Two spinets signed by Aston are currently known; the first is dated 1726 and has the range GG-g΄΄΄ (five octaves). The case is decorated with inlay. The natural keys are covered in bone, and the sharps are made of a “sandwich” of ivory and ebony, sometimes referred to as “skunk-tail sharps” because of their appearance. The instrument was restored by Arnold Dolmetsch in 1898; Colonial Williamsburg purchased it in 1960.

The second instrument was built in 1733 and also has the range GG-g΄΄΄. The keyboard has ivory-covered naturals and skunk-tail sharps, just as on the 1726 spinet. Many parts, such as the bridge, nut, and stand are replacements; the soundboard rose is probably not original. The instrument has been in a private collection in England for approximately thirty years.

A spinet built c.1700 whose lowest key is marked “C.A.” has been attributed to Aston; this instrument is currently part of the Richard Burnett Heritage Collection. It has the range GG/BB-d΄΄΄ (4½ octaves), with a broken octave. This compass is very common in spinets made between 1690 and 1710. The natural keys are covered with ebony, while the sharps are solid ivory. Overall the instrument is similar to those made by John Player.

Peter Mole states that

Judging by the stylishness of the spinet by Cawton Aston dated 1726 at Colonial Williamsburg, Cawton Aston seems to have been a craftsman of great skill, and a firm constituted by him and by [Thomas] Barton would have been a significant competitor to the [Stephen] Keene firm in the period 1709 to 1712.

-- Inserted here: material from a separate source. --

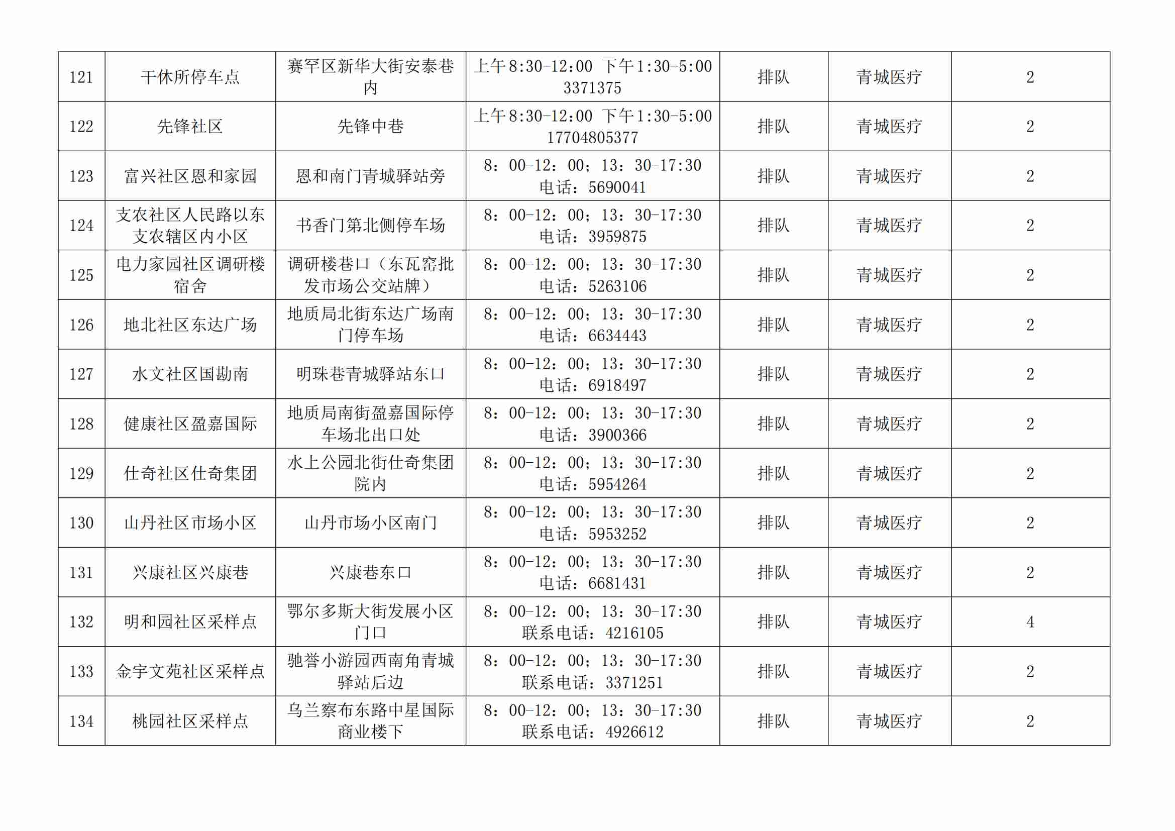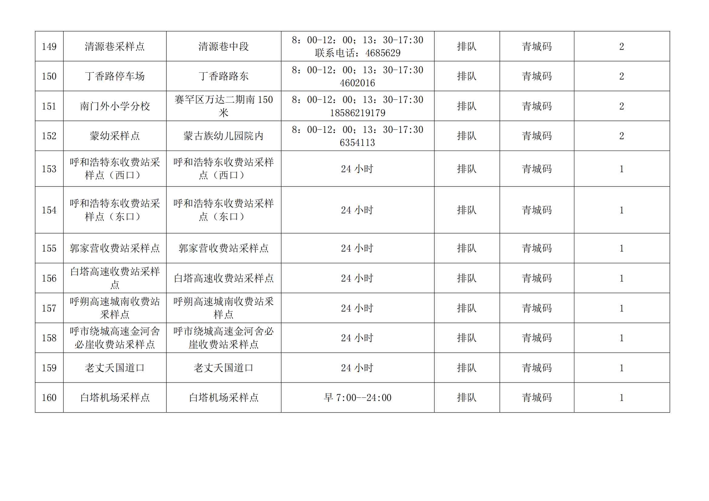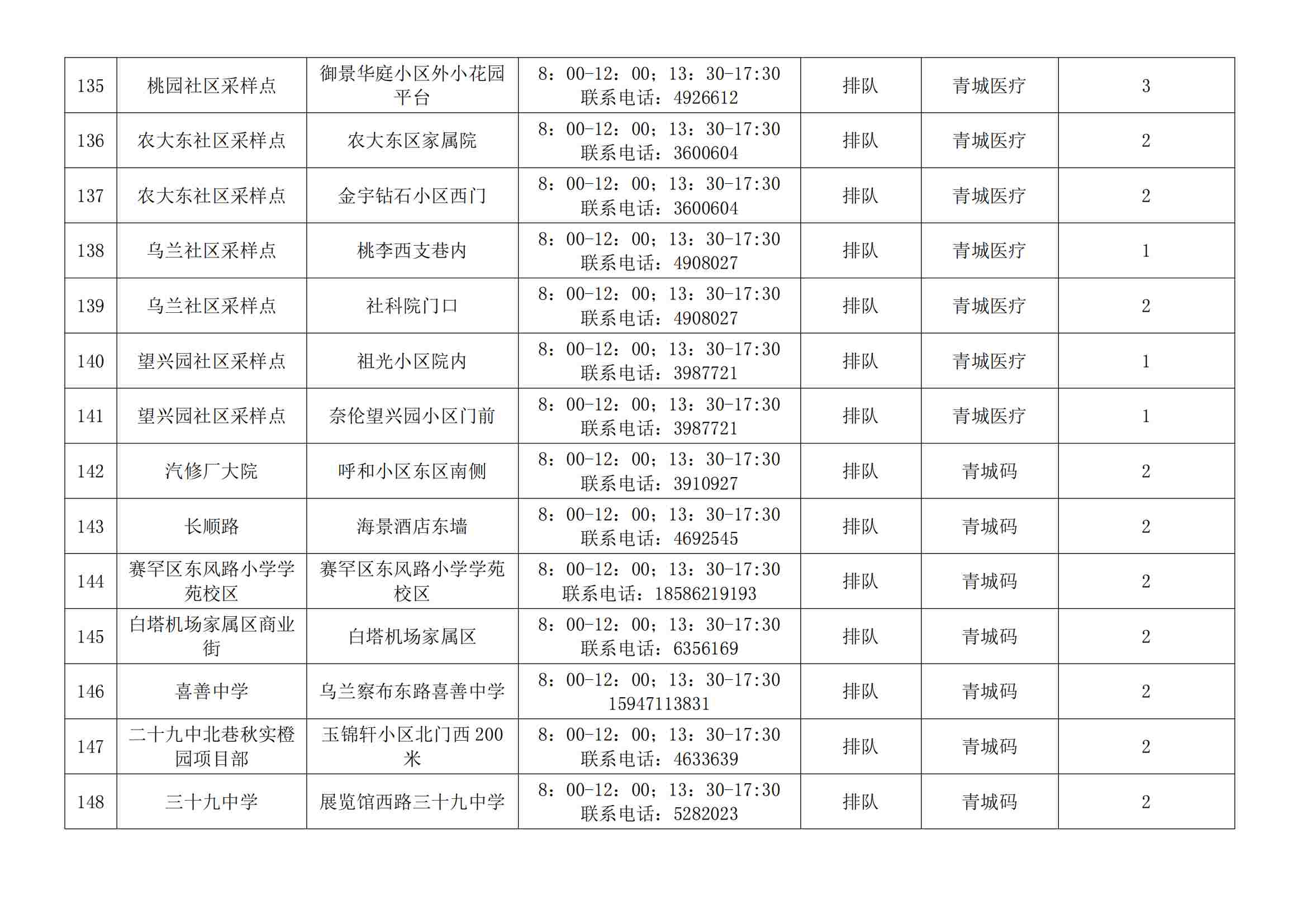根據(jù)全市核酸檢測(cè)政策的調(diào)整,為滿足市民就醫(yī)、出行、工作等核酸檢測(cè)需求,賽罕區(qū)開放160個(gè)便民核酸采樣點(diǎn)(詳見附表),廣大市民可就近選擇,核酸結(jié)果從青城碼查詢。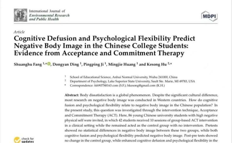 Cognitive Defusion and Psychological Flexibility Predict Negative Body Image in the Chinese College Students: Evidence from Acceptance and Commitment Therapy《International Journal of Environmental Research and Public Health》2022年

Boalch mentions a spinet signed by Cawton Aston and Thomas Barton, dated 1709, that once belonged to Edwin M. Ripin. Boalch believed it to be in the Museum of Fine Arts, Boston; however, this instrument is not currently in that collection.

==Discography==

- Henry Purcell: The Suites for Harpsichord, Archiv Produktion 2533415 (1979) (c.1700 spinet)
- From Two to Six, Finchcocks Press FPCD003 (2001) (c.1700 spinet)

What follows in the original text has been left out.